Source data
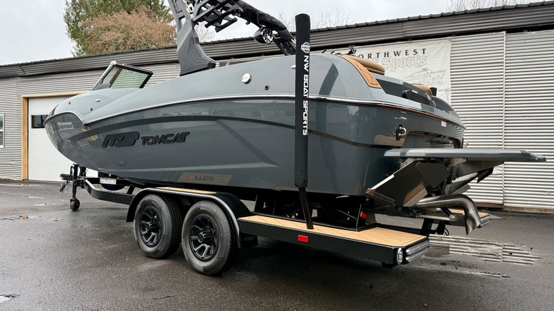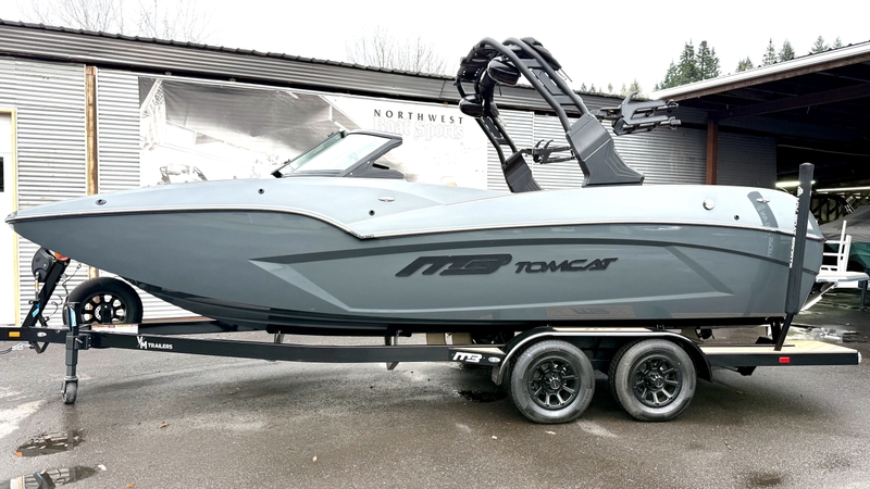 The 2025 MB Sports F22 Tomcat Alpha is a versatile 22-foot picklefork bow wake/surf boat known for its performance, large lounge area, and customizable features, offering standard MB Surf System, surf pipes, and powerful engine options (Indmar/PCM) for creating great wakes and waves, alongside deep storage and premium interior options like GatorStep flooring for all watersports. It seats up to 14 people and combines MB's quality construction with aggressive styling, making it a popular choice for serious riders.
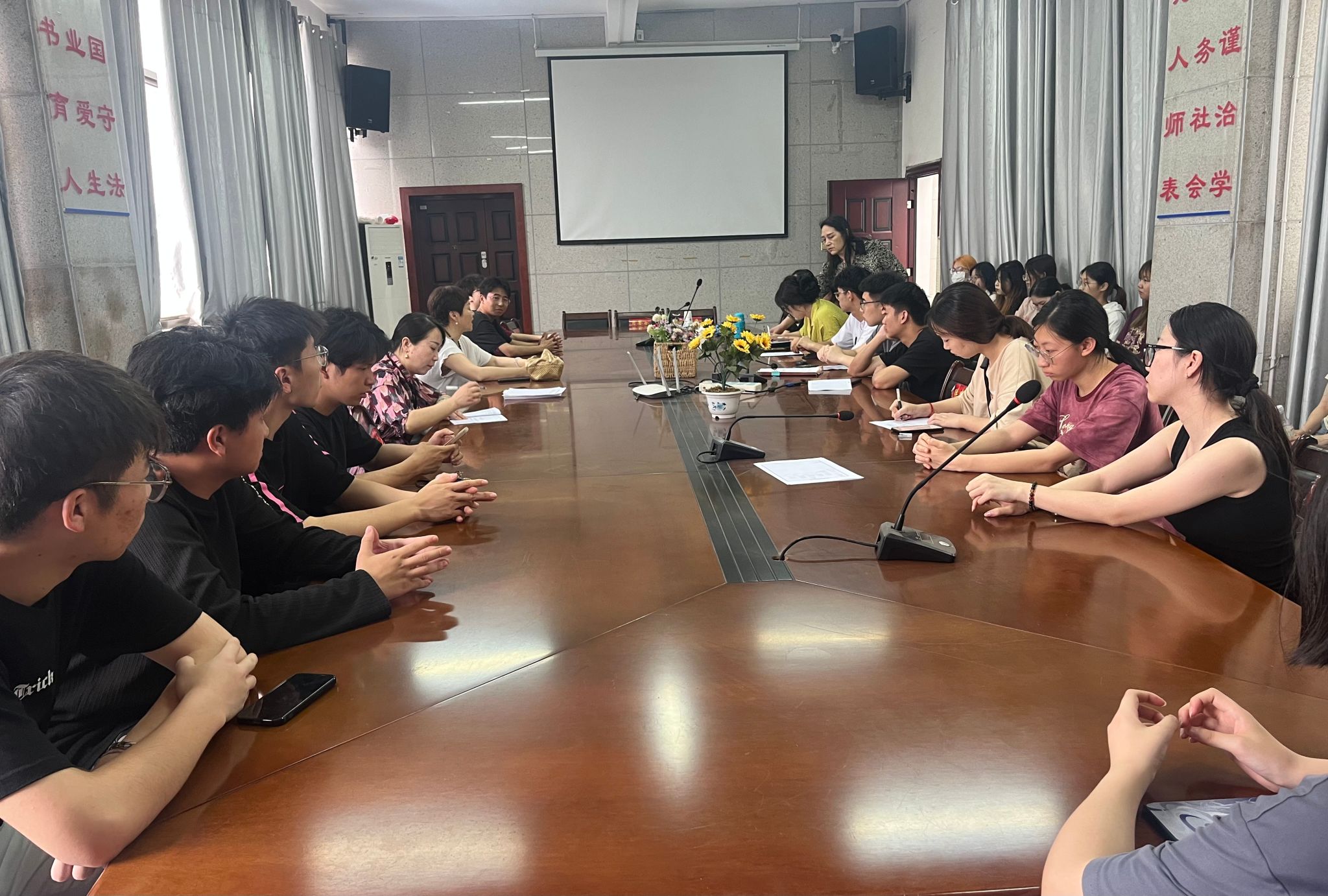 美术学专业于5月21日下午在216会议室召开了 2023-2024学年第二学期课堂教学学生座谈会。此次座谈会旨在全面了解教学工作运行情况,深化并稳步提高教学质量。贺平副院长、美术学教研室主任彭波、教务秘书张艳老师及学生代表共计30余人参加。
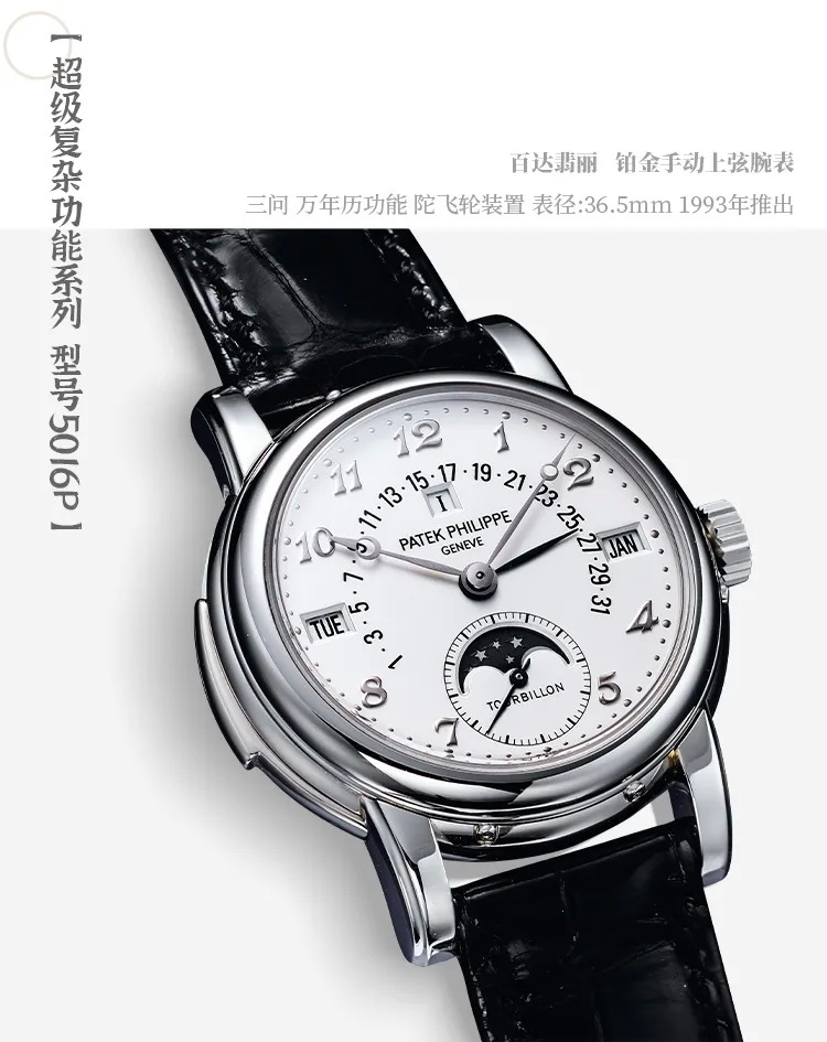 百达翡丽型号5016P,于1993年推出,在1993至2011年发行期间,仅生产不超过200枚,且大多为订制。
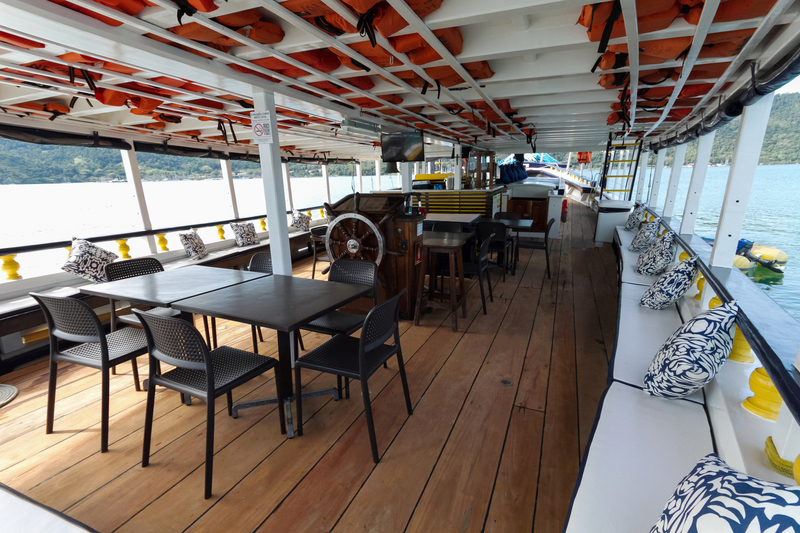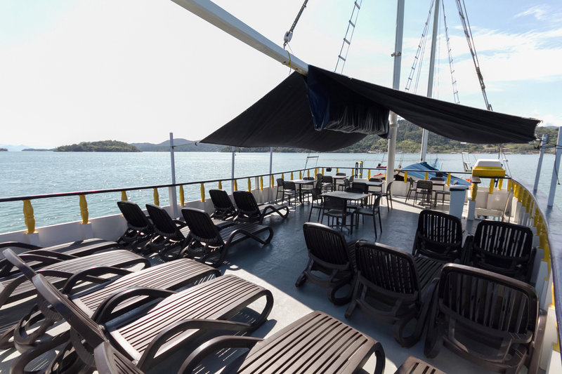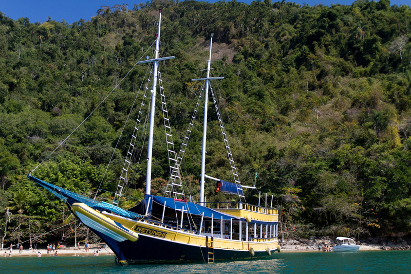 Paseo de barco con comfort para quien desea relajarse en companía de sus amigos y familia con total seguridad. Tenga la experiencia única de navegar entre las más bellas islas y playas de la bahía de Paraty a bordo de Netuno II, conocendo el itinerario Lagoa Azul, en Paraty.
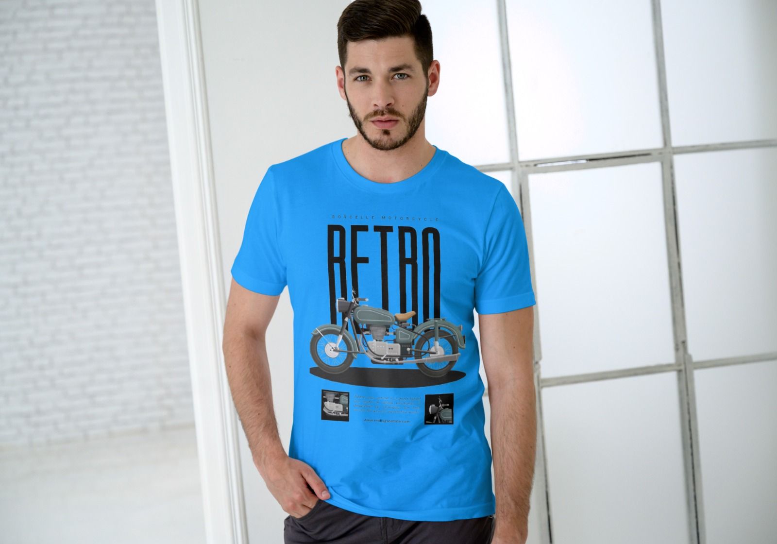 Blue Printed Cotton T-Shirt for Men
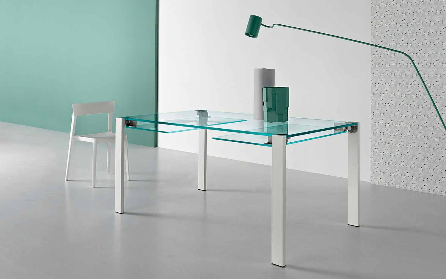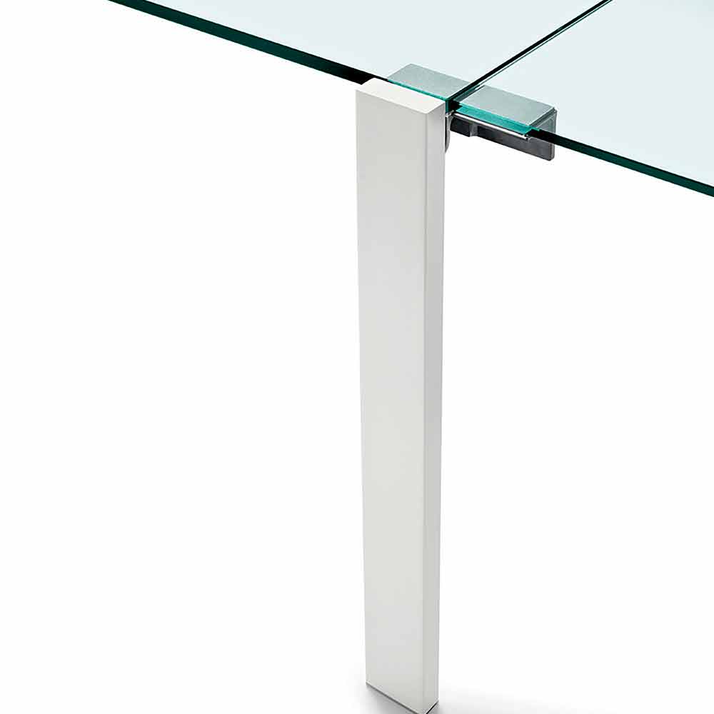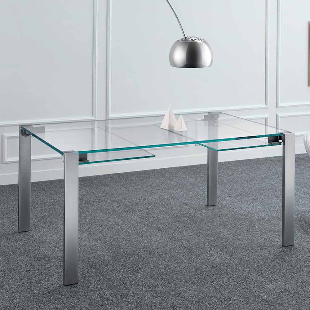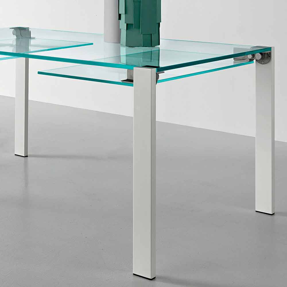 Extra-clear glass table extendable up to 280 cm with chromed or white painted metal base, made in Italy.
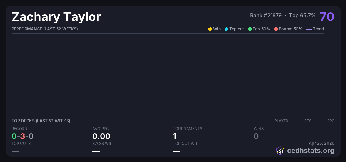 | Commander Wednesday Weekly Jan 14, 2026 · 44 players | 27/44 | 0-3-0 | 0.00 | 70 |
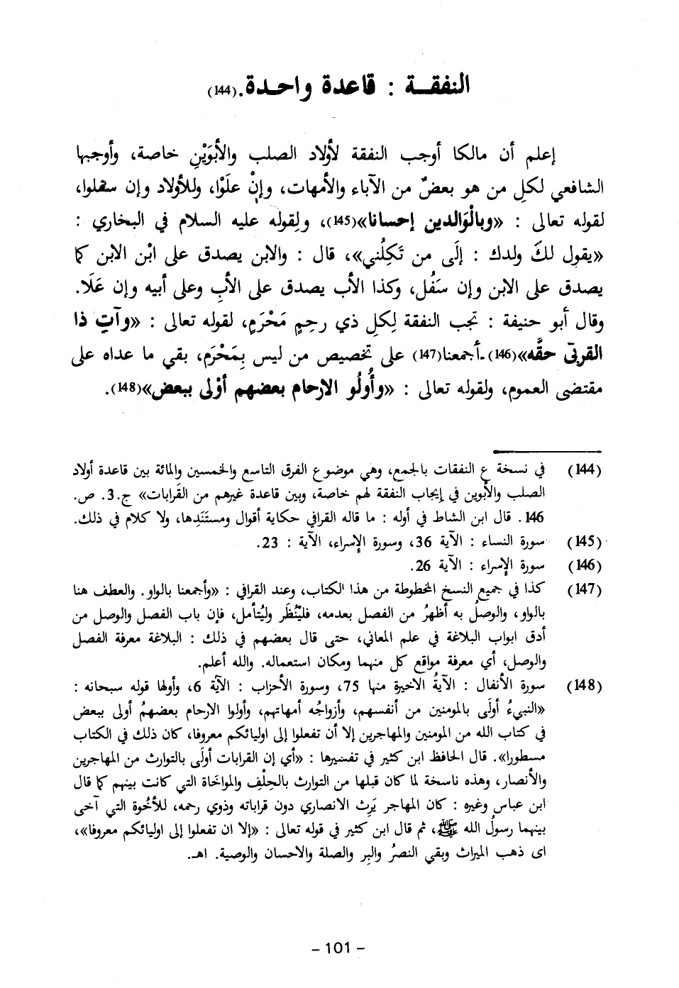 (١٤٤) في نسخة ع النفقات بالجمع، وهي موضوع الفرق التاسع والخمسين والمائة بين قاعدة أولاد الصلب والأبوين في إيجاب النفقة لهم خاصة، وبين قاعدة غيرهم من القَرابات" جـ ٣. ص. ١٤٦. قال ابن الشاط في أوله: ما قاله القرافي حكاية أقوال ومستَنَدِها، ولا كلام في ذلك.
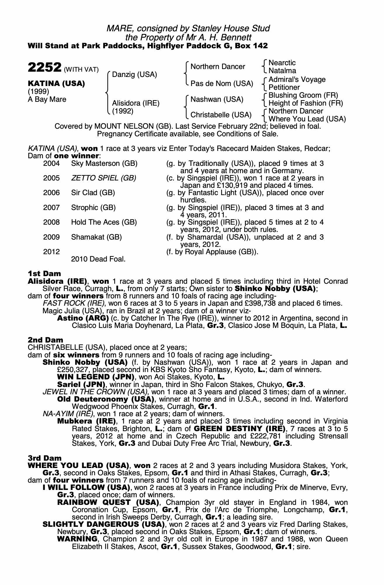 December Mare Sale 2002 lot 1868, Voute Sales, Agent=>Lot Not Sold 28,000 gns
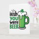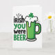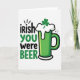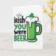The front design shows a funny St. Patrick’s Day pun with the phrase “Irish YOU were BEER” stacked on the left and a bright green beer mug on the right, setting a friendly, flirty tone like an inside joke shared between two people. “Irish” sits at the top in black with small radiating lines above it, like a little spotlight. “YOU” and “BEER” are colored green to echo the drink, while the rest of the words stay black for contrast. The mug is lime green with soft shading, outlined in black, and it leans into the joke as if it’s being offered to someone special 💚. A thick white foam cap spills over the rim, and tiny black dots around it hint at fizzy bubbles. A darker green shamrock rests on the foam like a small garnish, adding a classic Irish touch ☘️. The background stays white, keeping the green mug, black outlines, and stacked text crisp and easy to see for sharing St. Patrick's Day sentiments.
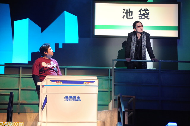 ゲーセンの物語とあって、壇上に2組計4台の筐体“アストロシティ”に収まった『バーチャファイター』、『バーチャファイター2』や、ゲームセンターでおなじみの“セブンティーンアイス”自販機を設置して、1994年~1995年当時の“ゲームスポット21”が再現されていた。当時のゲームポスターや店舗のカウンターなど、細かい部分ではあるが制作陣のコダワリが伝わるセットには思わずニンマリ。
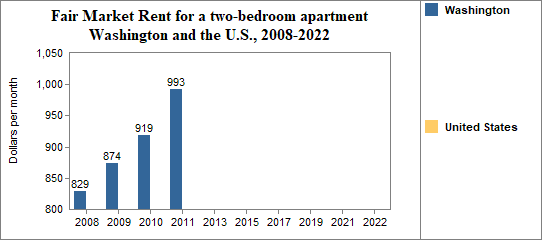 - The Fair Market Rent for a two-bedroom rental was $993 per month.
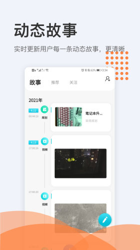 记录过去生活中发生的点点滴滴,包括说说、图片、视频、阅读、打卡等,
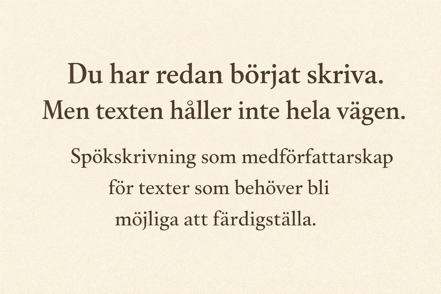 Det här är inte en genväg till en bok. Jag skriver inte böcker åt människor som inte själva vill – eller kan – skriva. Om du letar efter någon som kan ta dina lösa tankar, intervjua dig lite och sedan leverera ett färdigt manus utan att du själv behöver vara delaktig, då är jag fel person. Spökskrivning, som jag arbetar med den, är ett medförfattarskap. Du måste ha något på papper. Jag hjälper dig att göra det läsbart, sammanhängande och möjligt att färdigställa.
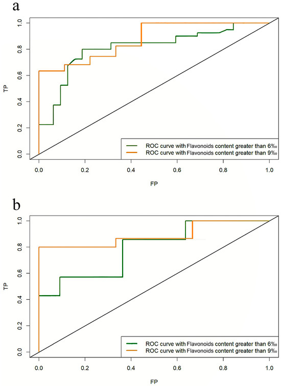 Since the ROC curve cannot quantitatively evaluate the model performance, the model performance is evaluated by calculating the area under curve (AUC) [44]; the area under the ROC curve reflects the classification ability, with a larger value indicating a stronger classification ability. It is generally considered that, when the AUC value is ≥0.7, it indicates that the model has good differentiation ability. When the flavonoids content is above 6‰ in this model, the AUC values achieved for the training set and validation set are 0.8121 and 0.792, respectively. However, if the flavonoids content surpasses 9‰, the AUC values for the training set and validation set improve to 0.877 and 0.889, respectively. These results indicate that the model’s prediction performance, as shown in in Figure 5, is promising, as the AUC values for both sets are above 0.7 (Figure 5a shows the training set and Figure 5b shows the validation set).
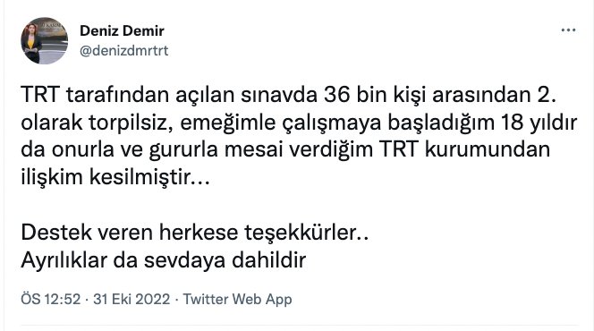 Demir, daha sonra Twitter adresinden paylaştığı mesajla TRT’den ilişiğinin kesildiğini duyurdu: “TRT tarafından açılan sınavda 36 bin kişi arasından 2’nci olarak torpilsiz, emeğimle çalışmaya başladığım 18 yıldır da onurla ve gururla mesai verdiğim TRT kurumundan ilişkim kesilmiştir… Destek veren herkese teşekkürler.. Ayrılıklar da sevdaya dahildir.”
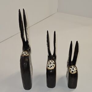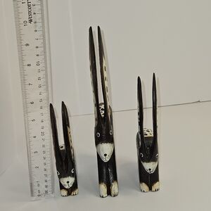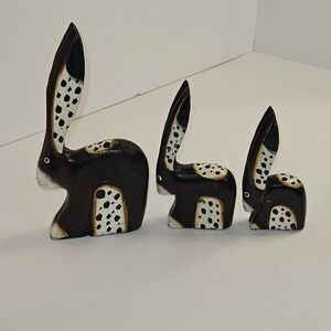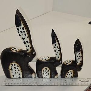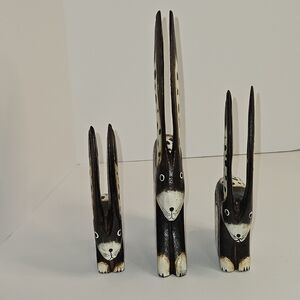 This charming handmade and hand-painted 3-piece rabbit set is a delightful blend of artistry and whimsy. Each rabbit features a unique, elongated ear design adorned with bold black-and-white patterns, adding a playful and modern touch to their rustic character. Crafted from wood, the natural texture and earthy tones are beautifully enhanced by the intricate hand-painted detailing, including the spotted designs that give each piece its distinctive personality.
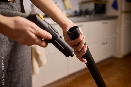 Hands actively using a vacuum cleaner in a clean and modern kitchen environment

• _WHAT IS EXPECTED_
For this exercise, output the records exactly but omit their pictures.

• _ANSWER TO THIS EXERCISE_
 The 2025 MB Sports F22 Tomcat Alpha is a versatile 22-foot picklefork bow wake/surf boat known for its performance, large lounge area, and customizable features, offering standard MB Surf System, surf pipes, and powerful engine options (Indmar/PCM) for creating great wakes and waves, alongside deep storage and premium interior options like GatorStep flooring for all watersports. It seats up to 14 people and combines MB's quality construction with aggressive styling, making it a popular choice for serious riders.
 美术学专业于5月21日下午在216会议室召开了 2023-2024学年第二学期课堂教学学生座谈会。此次座谈会旨在全面了解教学工作运行情况,深化并稳步提高教学质量。贺平副院长、美术学教研室主任彭波、教务秘书张艳老师及学生代表共计30余人参加。
 百达翡丽型号5016P,于1993年推出,在1993至2011年发行期间,仅生产不超过200枚,且大多为订制。
 Paseo de barco con comfort para quien desea relajarse en companía de sus amigos y familia con total seguridad. Tenga la experiencia única de navegar entre las más bellas islas y playas de la bahía de Paraty a bordo de Netuno II, conocendo el itinerario Lagoa Azul, en Paraty.
 Blue Printed Cotton T-Shirt for Men
 Extra-clear glass table extendable up to 280 cm with chromed or white painted metal base, made in Italy.
 | Commander Wednesday Weekly Jan 14, 2026 · 44 players | 27/44 | 0-3-0 | 0.00 | 70 |
 (١٤٤) في نسخة ع النفقات بالجمع، وهي موضوع الفرق التاسع والخمسين والمائة بين قاعدة أولاد الصلب والأبوين في إيجاب النفقة لهم خاصة، وبين قاعدة غيرهم من القَرابات" جـ ٣. ص. ١٤٦. قال ابن الشاط في أوله: ما قاله القرافي حكاية أقوال ومستَنَدِها، ولا كلام في ذلك.
 December Mare Sale 2002 lot 1868, Voute Sales, Agent=>Lot Not Sold 28,000 gns
The front design shows a funny St. Patrick’s Day pun with the phrase “Irish YOU were BEER” stacked on the left and a bright green beer mug on the right, setting a friendly, flirty tone like an inside joke shared between two people. “Irish” sits at the top in black with small radiating lines above it, like a little spotlight. “YOU” and “BEER” are colored green to echo the drink, while the rest of the words stay black for contrast. The mug is lime green with soft shading, outlined in black, and it leans into the joke as if it’s being offered to someone special 💚. A thick white foam cap spills over the rim, and tiny black dots around it hint at fizzy bubbles. A darker green shamrock rests on the foam like a small garnish, adding a classic Irish touch ☘️. The background stays white, keeping the green mug, black outlines, and stacked text crisp and easy to see for sharing St. Patrick's Day sentiments.
 ゲーセンの物語とあって、壇上に2組計4台の筐体“アストロシティ”に収まった『バーチャファイター』、『バーチャファイター2』や、ゲームセンターでおなじみの“セブンティーンアイス”自販機を設置して、1994年~1995年当時の“ゲームスポット21”が再現されていた。当時のゲームポスターや店舗のカウンターなど、細かい部分ではあるが制作陣のコダワリが伝わるセットには思わずニンマリ。
 - The Fair Market Rent for a two-bedroom rental was $993 per month.
 记录过去生活中发生的点点滴滴,包括说说、图片、视频、阅读、打卡等,
 Det här är inte en genväg till en bok. Jag skriver inte böcker åt människor som inte själva vill – eller kan – skriva. Om du letar efter någon som kan ta dina lösa tankar, intervjua dig lite och sedan leverera ett färdigt manus utan att du själv behöver vara delaktig, då är jag fel person. Spökskrivning, som jag arbetar med den, är ett medförfattarskap. Du måste ha något på papper. Jag hjälper dig att göra det läsbart, sammanhängande och möjligt att färdigställa.
 Since the ROC curve cannot quantitatively evaluate the model performance, the model performance is evaluated by calculating the area under curve (AUC) [44]; the area under the ROC curve reflects the classification ability, with a larger value indicating a stronger classification ability. It is generally considered that, when the AUC value is ≥0.7, it indicates that the model has good differentiation ability. When the flavonoids content is above 6‰ in this model, the AUC values achieved for the training set and validation set are 0.8121 and 0.792, respectively. However, if the flavonoids content surpasses 9‰, the AUC values for the training set and validation set improve to 0.877 and 0.889, respectively. These results indicate that the model’s prediction performance, as shown in in Figure 5, is promising, as the AUC values for both sets are above 0.7 (Figure 5a shows the training set and Figure 5b shows the validation set).
 Demir, daha sonra Twitter adresinden paylaştığı mesajla TRT’den ilişiğinin kesildiğini duyurdu: “TRT tarafından açılan sınavda 36 bin kişi arasından 2’nci olarak torpilsiz, emeğimle çalışmaya başladığım 18 yıldır da onurla ve gururla mesai verdiğim TRT kurumundan ilişkim kesilmiştir… Destek veren herkese teşekkürler.. Ayrılıklar da sevdaya dahildir.”
 This charming handmade and hand-painted 3-piece rabbit set is a delightful blend of artistry and whimsy. Each rabbit features a unique, elongated ear design adorned with bold black-and-white patterns, adding a playful and modern touch to their rustic character. Crafted from wood, the natural texture and earthy tones are beautifully enhanced by the intricate hand-painted detailing, including the spotted designs that give each piece its distinctive personality.
 Hands actively using a vacuum cleaner in a clean and modern kitchen environment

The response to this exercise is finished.